On Jul 17, 7:16 am, Raymond Manzoni <raym...@xxxxxxx> wrote:
pamela fluente a écrit :


<snip>
A more general recursion is derived as follows. Let g() be the
function that returns the geometric mean of its arguments. Then

g(x_1, x_2, ..., x_n) = (x_1 * x_2 * ... * x_n)^(1/n)
= (x_1 * x_2 * ... * x_m)^(1/n) * (x_(m+1) * x_(m+2) * ... * x_n)^(1/
n)
= g(x_1, x_2, ..., x_m)^(m/n) * g(x_(m+1), g_(m+2), ..., x_n)^((n-m)/
n)

We can apply the formula above recursively to find the g.m. while
multiplying only two numbers together at each step. Furthermore,
without loss of generality, we can assume that

x_1 <= x_2 <= ... <= x_n

Then

x_1 <= g(...) <= x_n,

where g(...) represents any of the intermediate g.m.'s. Thus the
formula, applied recursively, never has to deal with a result larger
than (x_n)^2 and the number of exponents n_e that must be found lies
between log_2(n) and 2*log_2(n), which is much less than n.

- MO
I don't understand the last part.
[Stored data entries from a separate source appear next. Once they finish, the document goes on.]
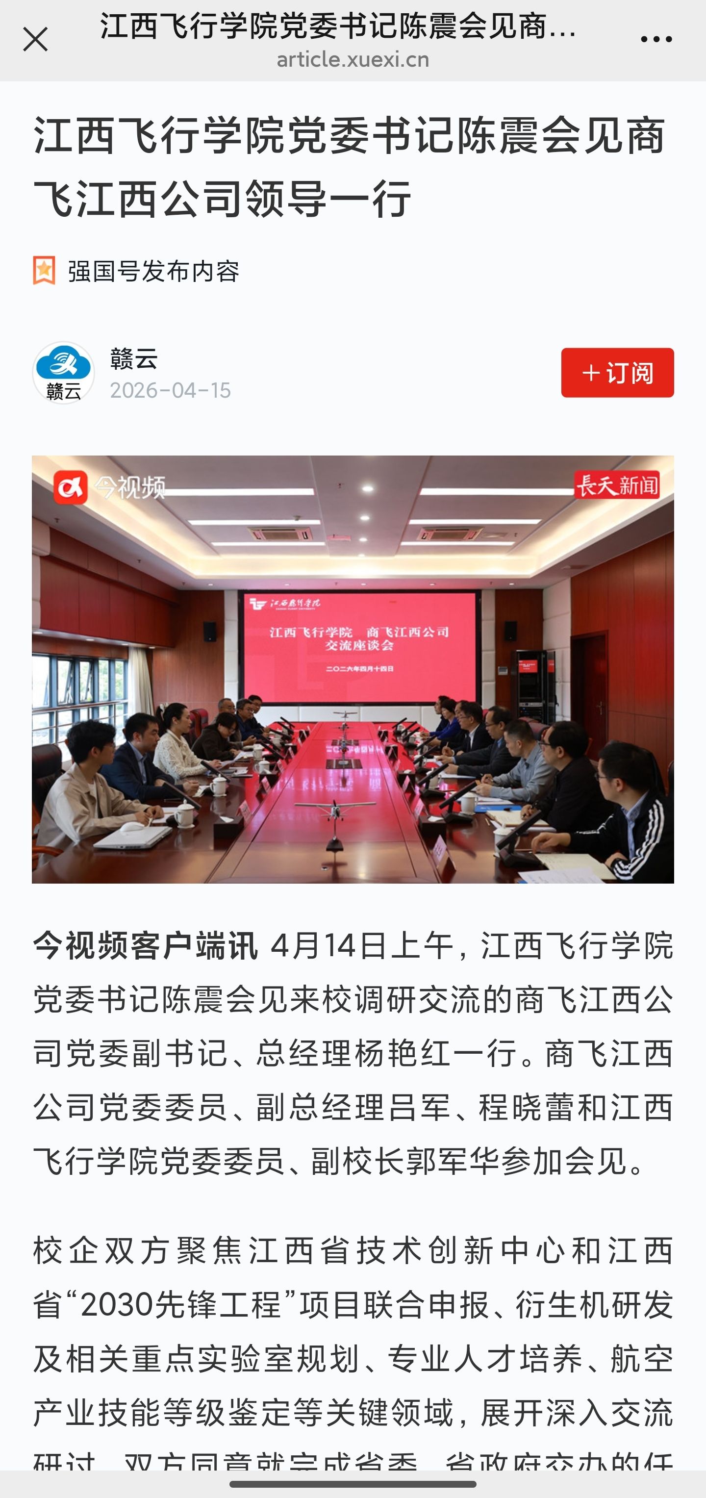 近日,学习强国报道,江西飞行学院党委书记陈震会见商飞江西公司领导一行详情如下: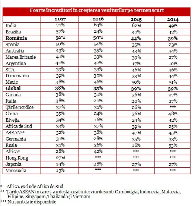Astfel, 52% dintre directorii de companii din țara noastră sunt foarte încrezători în privința creșterii veniturilor pe termen scurt, peste media la nivel global, de 38%. India conduce clasamentul cu 71%, iar la polul opus se află Hong Kong (27%), Japonia (14%) și Venezuela (13%).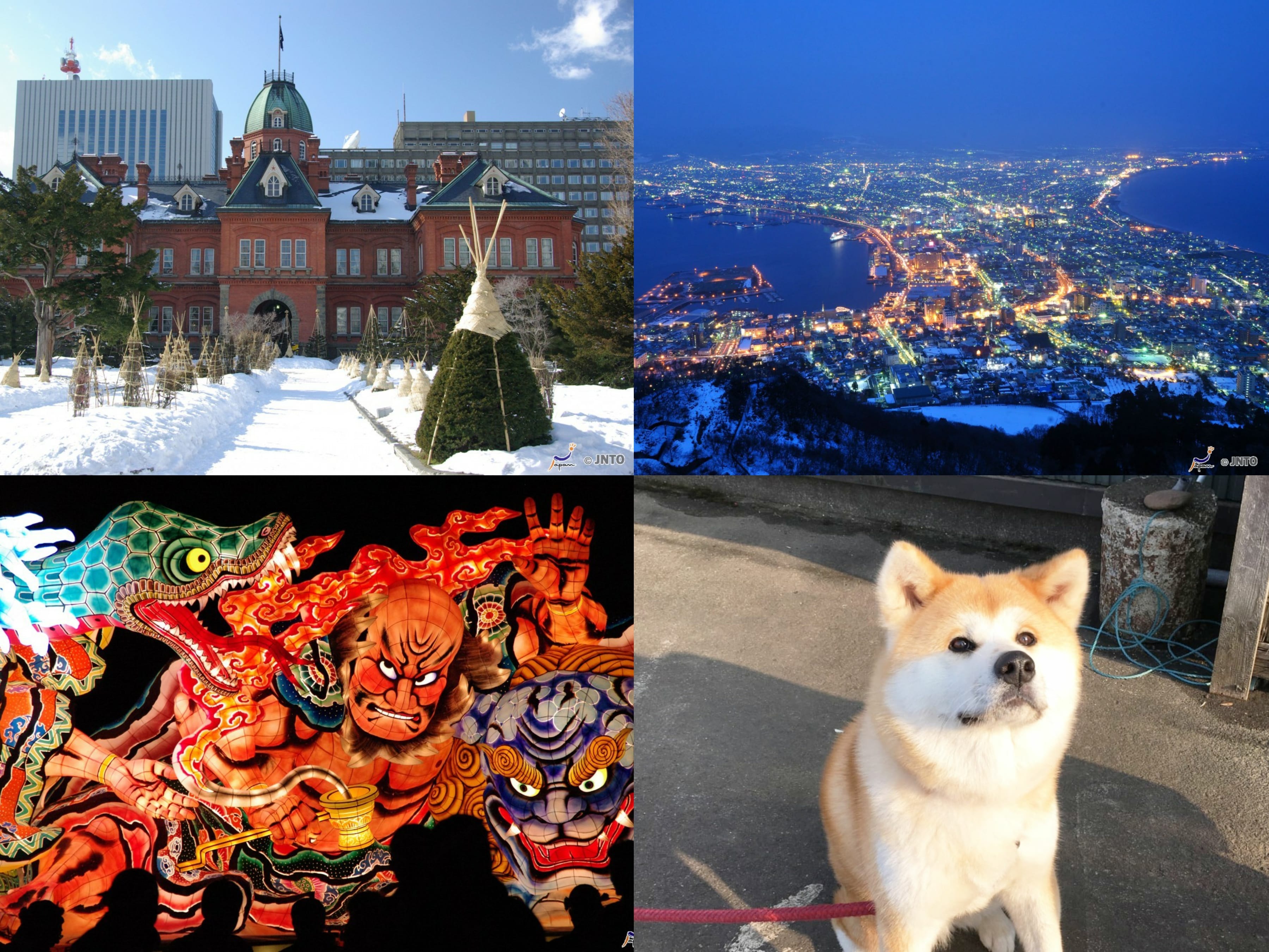 Hokkaido (top) and northern Tohoku (bottom). (Image credit: (clockwise from top left) Yasufumi Nishi, Hokkaido Tourism Organization, Akita Inu Tourism, JNTO / Aomori Prefecture)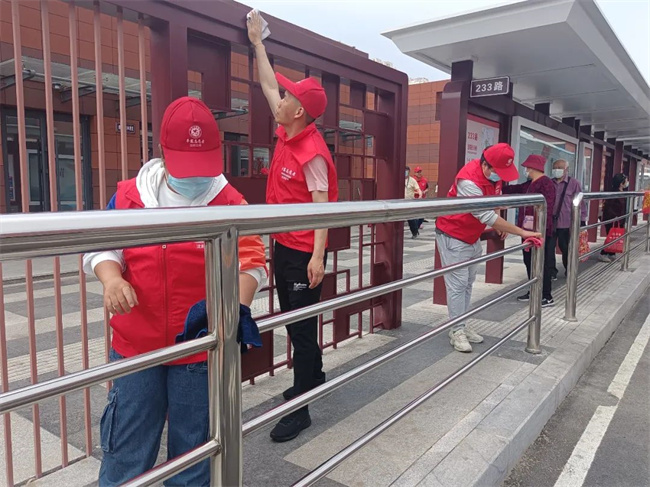 活動(dòng)中,志愿者們身穿紅馬甲、頭戴小紅帽,手中拿著抹布、清潔刷、水桶等清潔工具,對(duì)樞紐站內(nèi)的候車?yán)?、站臺(tái)等進(jìn)行集中大清掃。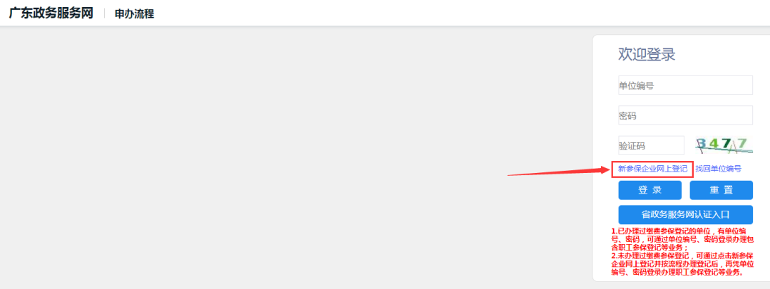 1、点击“单位网上服务系统”,在登陆模块点击“新参保企业网上登记”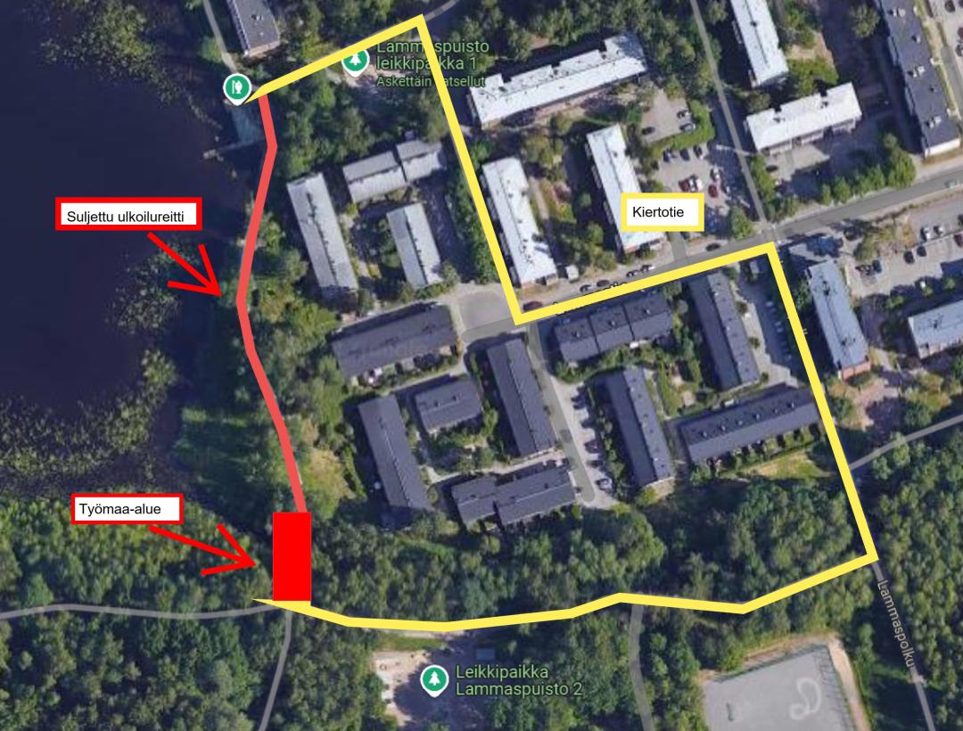 Sillan lisäksi osuus lammen kiertävästä ulkoilureitistä Lammaspuiston leikkipaikkojen välillä on suljettu kunnostuksen ajan. Kiertoreitti on merkitty alueelle opasteilla.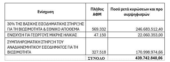 Συνολικά η σημερινή πληρωμή άγγιξε τα 440 εκατομμύρια ευρώ.

It seems to me that the number of
exponentiations will be of the same order as the number of data.
If E(n) is the number of exponentiations then if the recursion is
g(x_1, x_2, ..., x_n) =
g(x_1, x_2, ..., x_m)^(m/n) * g(x_(m+1), g_(m+2), ..., x_n)^((n-m)/n
then we get E(n) = E(m) + E(n-m) + 2
with E(1) = 0 we get E(2^n) = 2^(n+1)-2

Even in the ideal case where n is a power of 2 and the recursion is
g(x_1, x_2, ..., x_2n) =
sqrt( g(x_1, x_2, ..., x_n) * g(x_(n+1), g_(m+2), ..., x_2n))
we have E(2n) = 2*E(n)+1
and we get E(2^n) = 2^n-1


.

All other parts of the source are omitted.